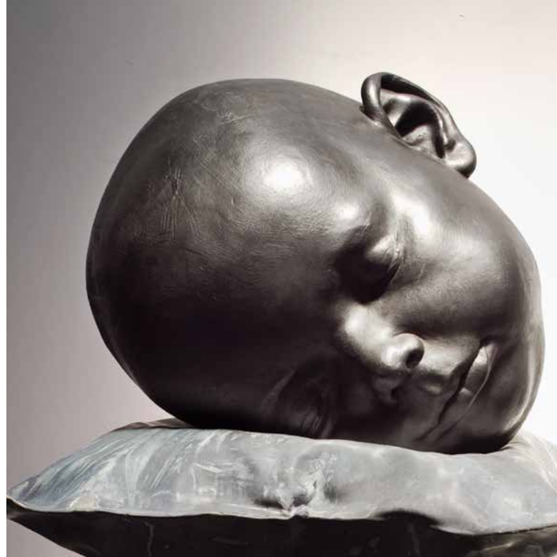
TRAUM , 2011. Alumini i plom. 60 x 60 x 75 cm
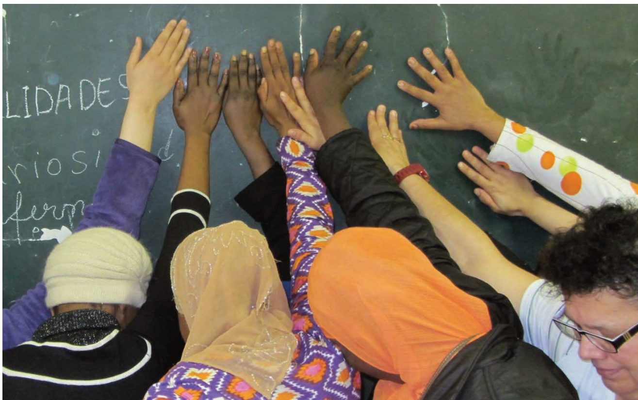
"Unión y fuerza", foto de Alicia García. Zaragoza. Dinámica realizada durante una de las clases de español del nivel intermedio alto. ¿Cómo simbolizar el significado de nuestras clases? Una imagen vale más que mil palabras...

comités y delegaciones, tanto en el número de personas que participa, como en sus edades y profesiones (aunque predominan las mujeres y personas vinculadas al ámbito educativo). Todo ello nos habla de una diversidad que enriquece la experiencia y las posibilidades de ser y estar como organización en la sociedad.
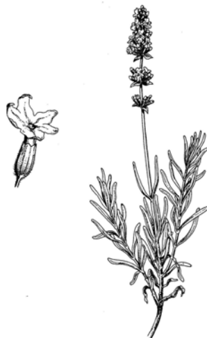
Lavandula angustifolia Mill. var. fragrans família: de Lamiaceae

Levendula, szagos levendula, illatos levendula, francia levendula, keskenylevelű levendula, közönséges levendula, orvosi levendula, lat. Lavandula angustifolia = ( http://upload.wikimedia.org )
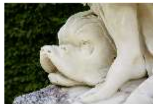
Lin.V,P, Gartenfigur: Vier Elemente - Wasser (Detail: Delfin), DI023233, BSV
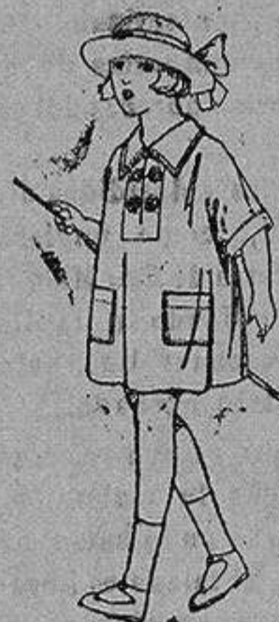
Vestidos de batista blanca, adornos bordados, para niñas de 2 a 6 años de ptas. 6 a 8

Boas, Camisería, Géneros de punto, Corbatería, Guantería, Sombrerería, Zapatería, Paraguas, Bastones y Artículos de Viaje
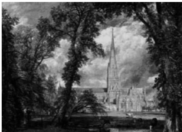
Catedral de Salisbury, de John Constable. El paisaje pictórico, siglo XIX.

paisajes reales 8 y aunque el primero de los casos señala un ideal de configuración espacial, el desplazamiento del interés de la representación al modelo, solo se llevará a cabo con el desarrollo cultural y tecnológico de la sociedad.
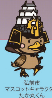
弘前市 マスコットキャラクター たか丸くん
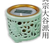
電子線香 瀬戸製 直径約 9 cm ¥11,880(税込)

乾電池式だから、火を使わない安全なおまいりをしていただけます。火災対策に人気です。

+++

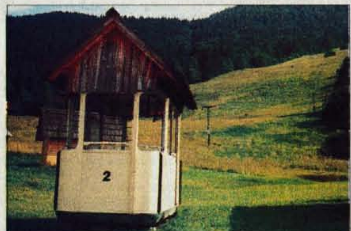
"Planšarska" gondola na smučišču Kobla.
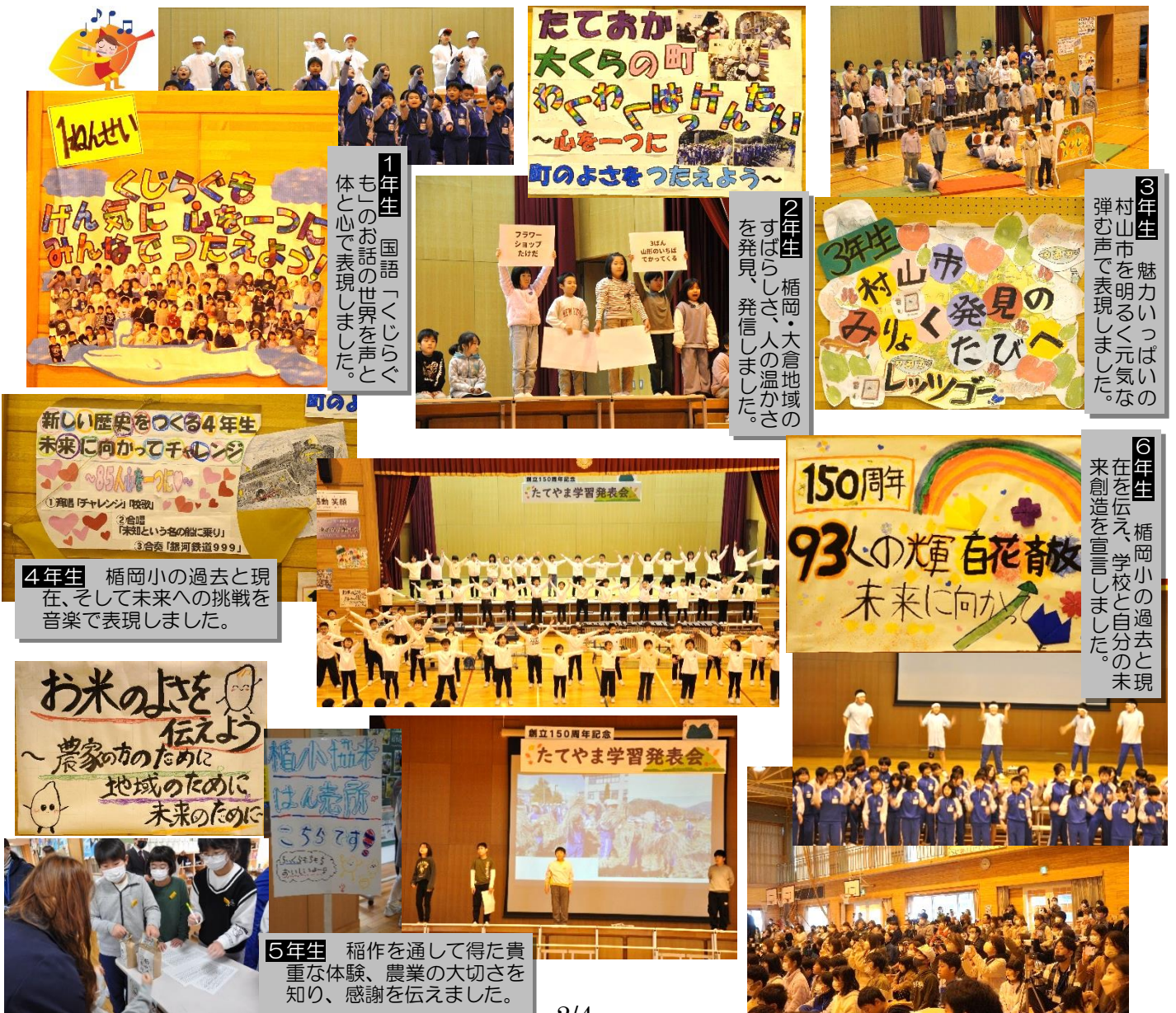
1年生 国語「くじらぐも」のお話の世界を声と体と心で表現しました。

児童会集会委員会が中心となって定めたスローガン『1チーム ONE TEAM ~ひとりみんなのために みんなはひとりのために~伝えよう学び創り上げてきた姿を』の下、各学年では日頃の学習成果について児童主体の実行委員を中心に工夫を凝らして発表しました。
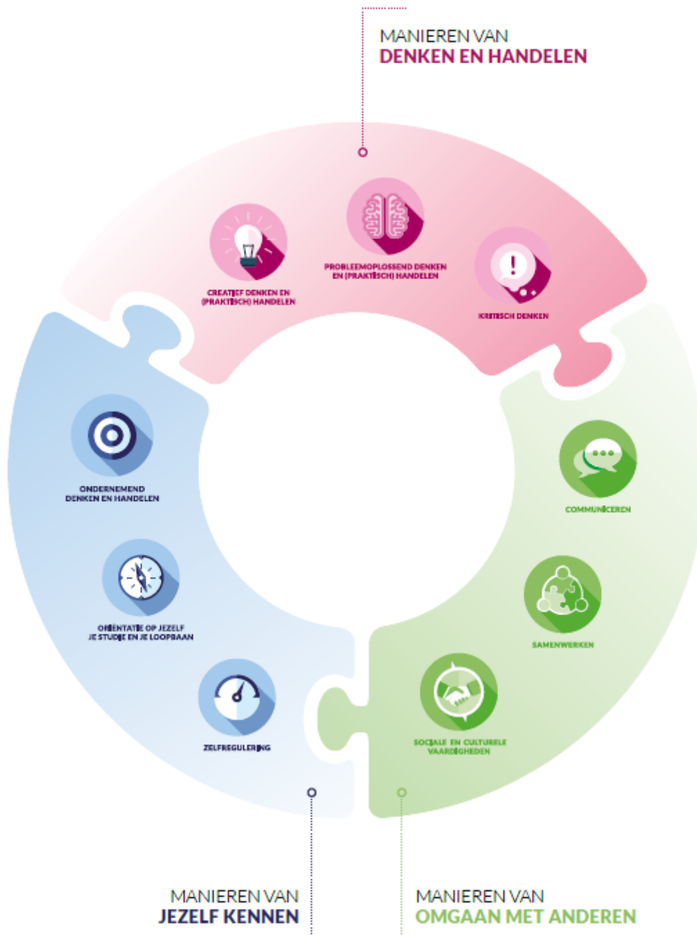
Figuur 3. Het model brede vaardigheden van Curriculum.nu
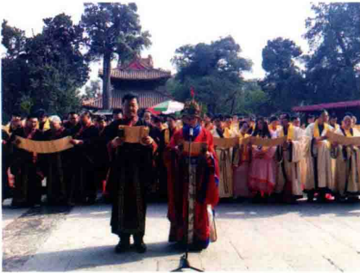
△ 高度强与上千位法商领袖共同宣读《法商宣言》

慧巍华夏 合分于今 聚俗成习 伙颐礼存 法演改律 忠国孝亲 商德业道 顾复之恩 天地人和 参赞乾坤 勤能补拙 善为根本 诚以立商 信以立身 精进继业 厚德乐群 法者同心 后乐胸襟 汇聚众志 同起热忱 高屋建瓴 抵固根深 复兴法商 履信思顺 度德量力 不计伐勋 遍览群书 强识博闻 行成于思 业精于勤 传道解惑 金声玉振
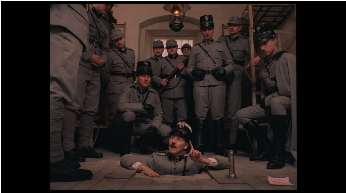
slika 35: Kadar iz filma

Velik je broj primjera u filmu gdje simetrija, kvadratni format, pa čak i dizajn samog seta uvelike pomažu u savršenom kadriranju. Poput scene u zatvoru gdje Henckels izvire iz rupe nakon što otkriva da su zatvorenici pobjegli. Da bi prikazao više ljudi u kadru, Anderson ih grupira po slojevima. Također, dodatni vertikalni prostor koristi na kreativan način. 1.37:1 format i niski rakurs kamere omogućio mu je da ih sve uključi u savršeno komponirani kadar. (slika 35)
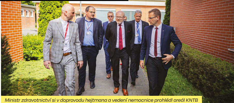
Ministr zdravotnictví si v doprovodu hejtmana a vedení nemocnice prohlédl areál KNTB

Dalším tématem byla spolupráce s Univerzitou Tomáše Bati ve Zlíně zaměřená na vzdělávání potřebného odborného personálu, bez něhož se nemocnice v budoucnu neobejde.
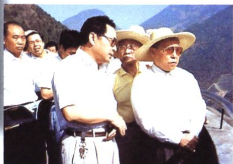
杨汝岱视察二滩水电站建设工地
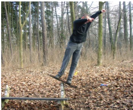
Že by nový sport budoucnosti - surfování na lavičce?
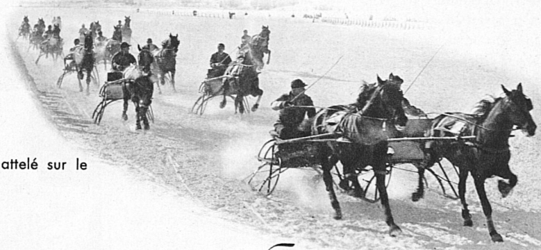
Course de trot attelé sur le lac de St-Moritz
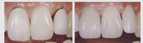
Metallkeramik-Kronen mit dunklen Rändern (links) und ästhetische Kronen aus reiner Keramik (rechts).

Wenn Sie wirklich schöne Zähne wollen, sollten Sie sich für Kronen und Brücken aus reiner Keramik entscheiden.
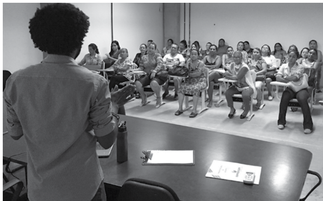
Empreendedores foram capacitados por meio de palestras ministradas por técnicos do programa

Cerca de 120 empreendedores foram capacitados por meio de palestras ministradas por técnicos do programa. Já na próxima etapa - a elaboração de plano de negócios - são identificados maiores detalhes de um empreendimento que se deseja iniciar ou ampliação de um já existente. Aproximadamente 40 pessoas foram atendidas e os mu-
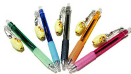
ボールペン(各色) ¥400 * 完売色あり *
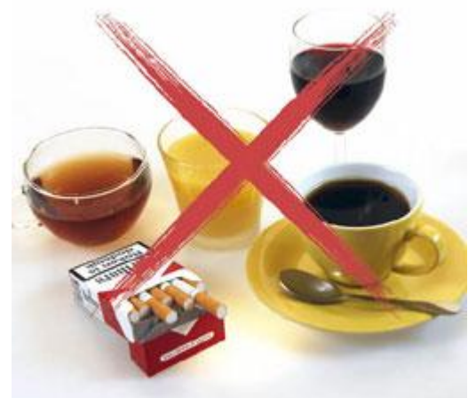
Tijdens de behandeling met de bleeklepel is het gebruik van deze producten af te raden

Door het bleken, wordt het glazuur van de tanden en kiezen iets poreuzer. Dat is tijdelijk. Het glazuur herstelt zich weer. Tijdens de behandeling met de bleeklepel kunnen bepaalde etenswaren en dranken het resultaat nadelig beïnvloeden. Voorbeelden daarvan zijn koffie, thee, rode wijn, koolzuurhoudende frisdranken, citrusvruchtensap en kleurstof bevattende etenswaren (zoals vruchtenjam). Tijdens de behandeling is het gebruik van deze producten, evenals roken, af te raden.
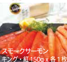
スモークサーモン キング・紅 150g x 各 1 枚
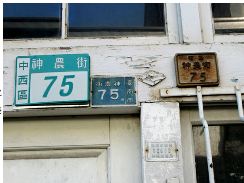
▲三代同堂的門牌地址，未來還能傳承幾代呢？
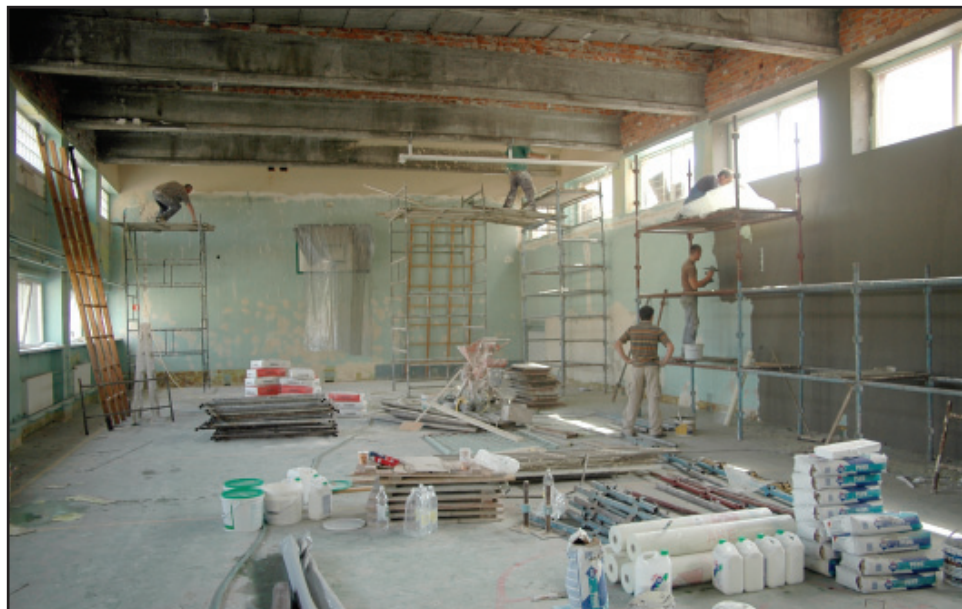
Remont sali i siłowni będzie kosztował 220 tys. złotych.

+++

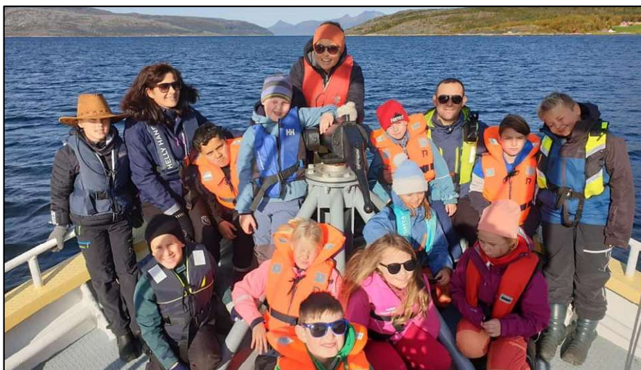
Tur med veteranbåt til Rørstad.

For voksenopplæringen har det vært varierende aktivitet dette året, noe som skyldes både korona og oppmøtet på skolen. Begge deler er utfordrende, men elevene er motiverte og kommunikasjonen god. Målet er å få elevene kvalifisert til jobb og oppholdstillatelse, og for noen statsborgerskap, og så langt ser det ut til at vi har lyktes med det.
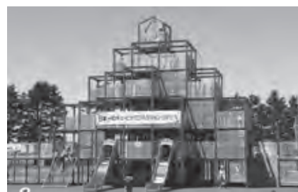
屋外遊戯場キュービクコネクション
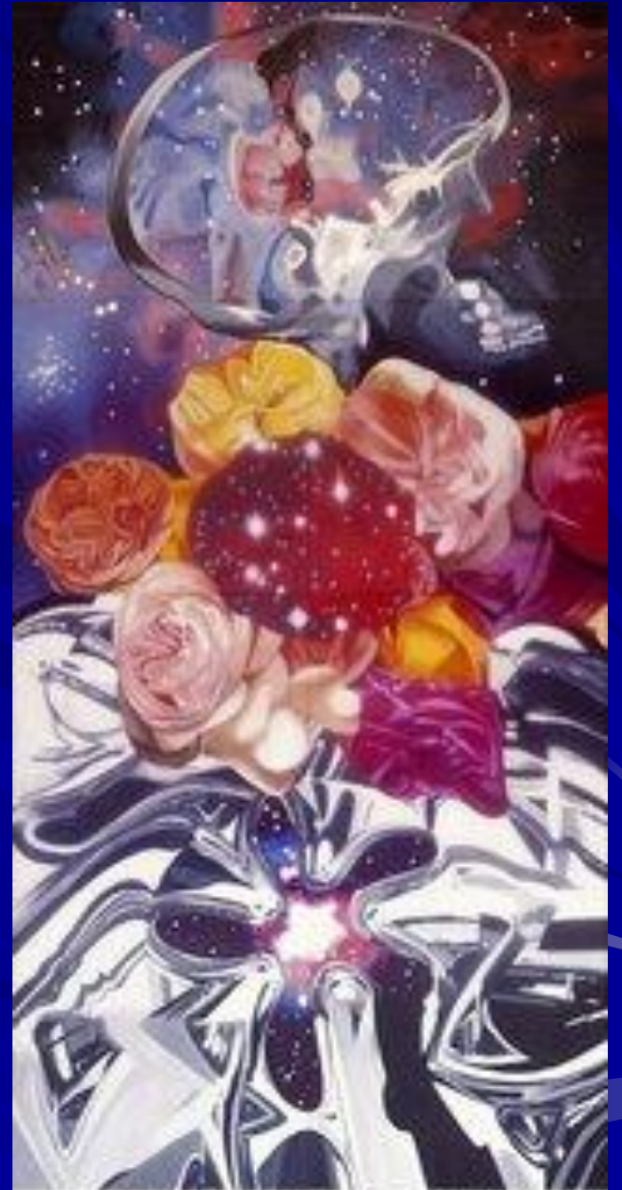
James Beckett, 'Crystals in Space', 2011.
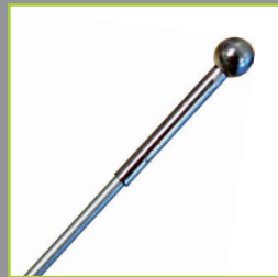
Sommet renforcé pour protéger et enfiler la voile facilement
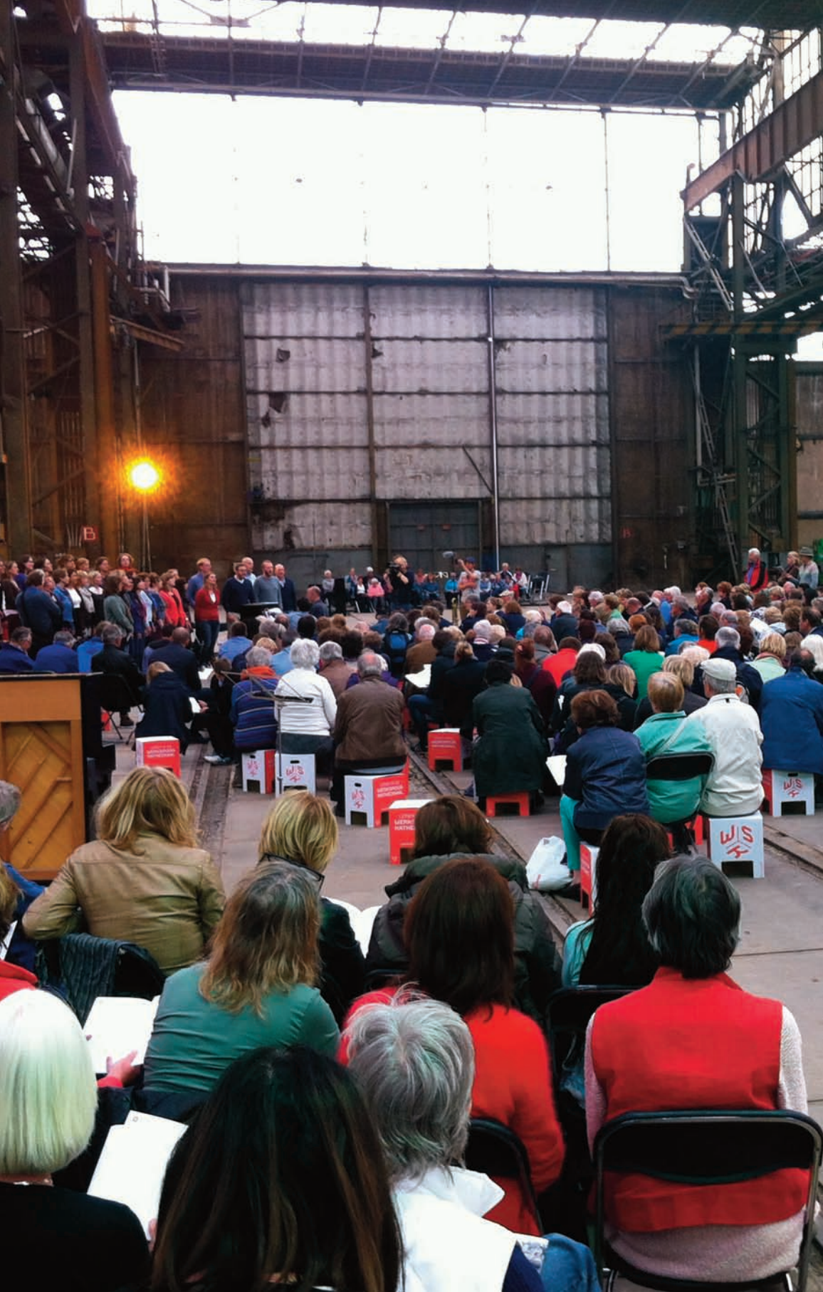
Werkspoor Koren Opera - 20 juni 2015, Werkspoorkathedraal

+++

## ACTIVITY:
Nothing but the lines above, starting at the line that contains "TRAUM , 2011. Alumini i plom. 60 x 60 x 75 cm" and ending at the line that contains "乾電池式だから、火を使わない", should be given again, exactly and without the pictures.

## EXPECTED ANSWER:
TRAUM , 2011. Alumini i plom. 60 x 60 x 75 cm
"Unión y fuerza", foto de Alicia García. Zaragoza. Dinámica realizada durante una de las clases de español del nivel intermedio alto. ¿Cómo simbolizar el significado de nuestras clases? Una imagen vale más que mil palabras...

comités y delegaciones, tanto en el número de personas que participa, como en sus edades y profesiones (aunque predominan las mujeres y personas vinculadas al ámbito educativo). Todo ello nos habla de una diversidad que enriquece la experiencia y las posibilidades de ser y estar como organización en la sociedad.
Lavandula angustifolia Mill. var. fragrans família: de Lamiaceae

Levendula, szagos levendula, illatos levendula, francia levendula, keskenylevelű levendula, közönséges levendula, orvosi levendula, lat. Lavandula angustifolia = ( http://upload.wikimedia.org )
Lin.V,P, Gartenfigur: Vier Elemente - Wasser (Detail: Delfin), DI023233, BSV
Vestidos de batista blanca, adornos bordados, para niñas de 2 a 6 años de ptas. 6 a 8

Boas, Camisería, Géneros de punto, Corbatería, Guantería, Sombrerería, Zapatería, Paraguas, Bastones y Artículos de Viaje
Catedral de Salisbury, de John Constable. El paisaje pictórico, siglo XIX.

paisajes reales 8 y aunque el primero de los casos señala un ideal de configuración espacial, el desplazamiento del interés de la representación al modelo, solo se llevará a cabo con el desarrollo cultural y tecnológico de la sociedad.
弘前市 マスコットキャラクター たか丸くん
電子線香 瀬戸製 直径約 9 cm ¥11,880(税込)

乾電池式だから、火を使わない安全なおまいりをしていただけます。火災対策に人気です。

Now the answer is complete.